The paper includes an extensive discussion, with plenty of food for thought. In particular, it discusses the ways in which the findings might inform the debate between the ‘zero line view’, whereby treatment should be withdrawn at the point where life has no benefit, and the ‘threshold view’, which establishes a grey zone of ethical uncertainty, in which either decision is ethically acceptable. To some extent, the findings of this study support the need for a threshold approach. Ethical questions are rarely black and white.
How is the trade-off between adverse selection and discrimination risk affected by genetic testing? Theory and experiment. Journal of Health Economics [PubMed] [RePEc] Published 1st October 2019
A lot of people are worried about how knowledge of their genetic information could be used against them. The most obvious scenario is one in which insurers increase premiums – or deny coverage altogether – on the basis of genetic risk factors. There are two key regulatory options in this context – disclosure duty, whereby individuals are obliged to tell insurers about the outcome of genetic tests, or consent law, whereby people can keep the findings to themselves. This study explores how people behave under each of these regulations.
The authors set up a theoretical model in which individuals can choose whether to purchase a genetic test that can identify them as being either high-risk or low-risk of developing some generic illness. The authors outline utility functions under disclosure duty and consent law. Under disclosure duty, individuals face a choice between the certainty of not knowing their risk and receiving pooled insurance premiums, or a lottery in which they have to disclose their level of risk and receive a higher or lower premium accordingly. Under consent law, individuals will only reveal their test results if they are at low risk, thus securing lower premiums and contributing to adverse selection. As a result, individuals will be more willing to take a test under consent law than under disclosure duty, all else equal.

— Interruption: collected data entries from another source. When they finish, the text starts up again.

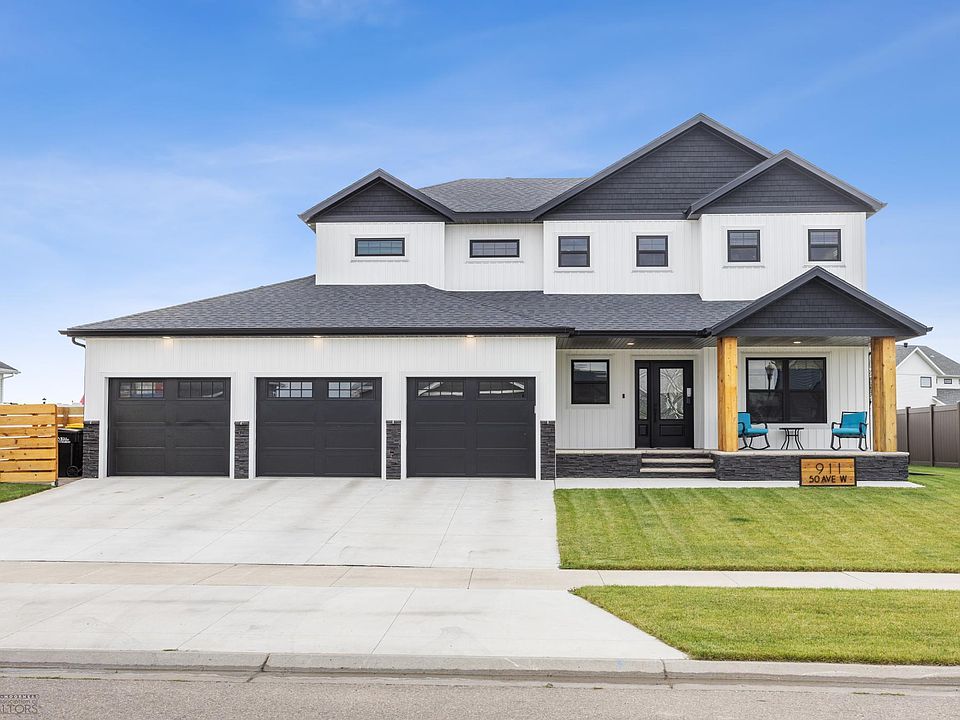 Check out the Virtual tour! This inviting 2-story home features 4 bedrooms, 4 bathrooms, and a 3-stall garage with 3,502 sq ft of comfortable living space. The main floor features: a home office, kitchen designed with quartz countertops, a walk-in pantry, and a convenient coffee bar, opening to spacious living area with a gas fireplace. The primary suite offers a balcony view to the backyard, large walk-in closet, relaxing soaker tub and tiled shower for a spa-like experience. A large mud room adds functionality, while the fully fenced yard with stamped patio, in-ground sprinklers that also go to your 2 raised garden beds creates a welcoming outdoor space. Basement bar is a blank slate ready for your final touches. Located just one block from Legacy Elementary, this home combines comfort, convenience, and location.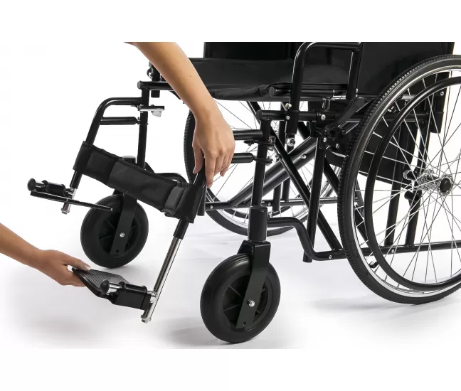 The universal, particularly strong and reliable heavy-duty wheelchair STEELMAN XL is designed for people weighing up to 180 kg, who have temporary or long-term mobility problems. The stroller is adapted for use both indoors and outdoors, for independent movement by rotating the metal drive hoops located near the rear wheels. The stroller can also be driven by an attendant using push handles mounted above the backrest.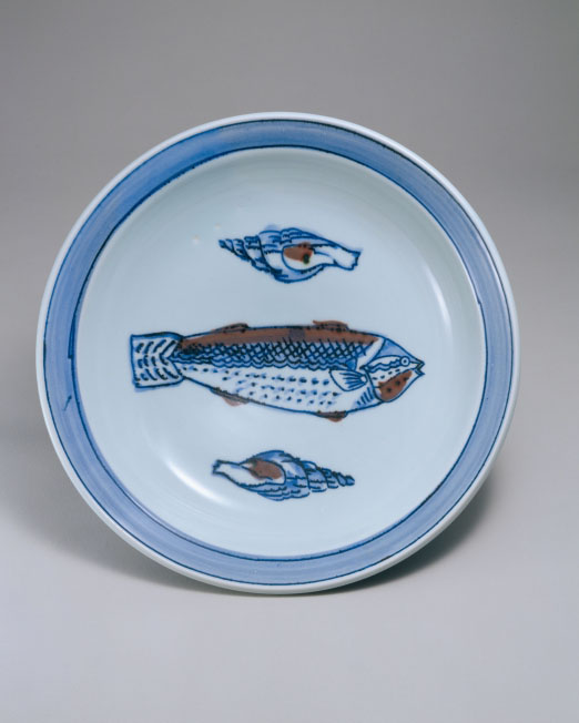 富本憲吉:染付銅彩魚と貝大鉢 (1935)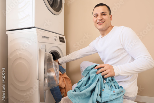 Young man putting dirty clothes into washing machine in laundry room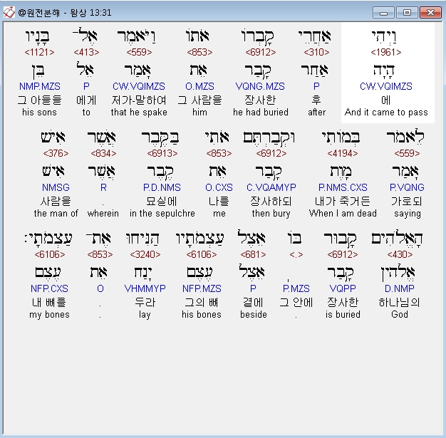 히브리어구약BHS,31 וַיְהִי אַחֲרֵי קָבְרֹו אֹתֹו וַיֹּאמֶר אֶל־בָּנָיו לֵאמֹר בְּמֹותִי וּקְבַרְתֶּם אֹתִי בַּקֶּבֶר אֲשֶׁר אִישׁ הָאֱלֹהִים קָבוּר בֹּו אֵצֶל עַצְמֹתָיו הַנִּיחוּ אֶת־עַצְמֹתָי׃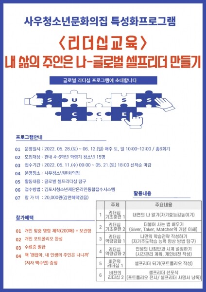 1기 참가자는 초등 4~6학년 연령 청소년이 대상으로 15명을 모집하는데 오는 5월 11일 9시부터 5월 21일 오후 6시까지 김포시 청소년재단 홈페이지 통합접수시스템을 통해 프로그램 참가 신청이 가능하다.

After setting out their model (at great length), the authors go on to describe an experiment that they conducted with 67 economics students, to elicit preferences within and between the different regulatory settings. The experiment was set up in a very generic way, not related to health at all. Participants were presented with a series of tasks across which the parameters representing the price of the test and the pooled premium were varied. All of the authors’ hypotheses were supported by the experiment. More people took tests under consent law. Higher test prices reduce the number of people taking tests. If prices are high enough, people will prefer disclosure duty. The likelihood that people take tests under consent law is increasing with the level of adverse selection. And people are very sensitive to the level of discrimination risk under disclosure duty.
It’s an interesting study, but I’m not sure how much it can tell us about genetic testing. Framing the experiment as entirely unrelated to health seems especially unwise. People’s risk preferences may be very different in the domain of real health than in the hypothetical monetary domain. In the real world, there’s a lot more at stake.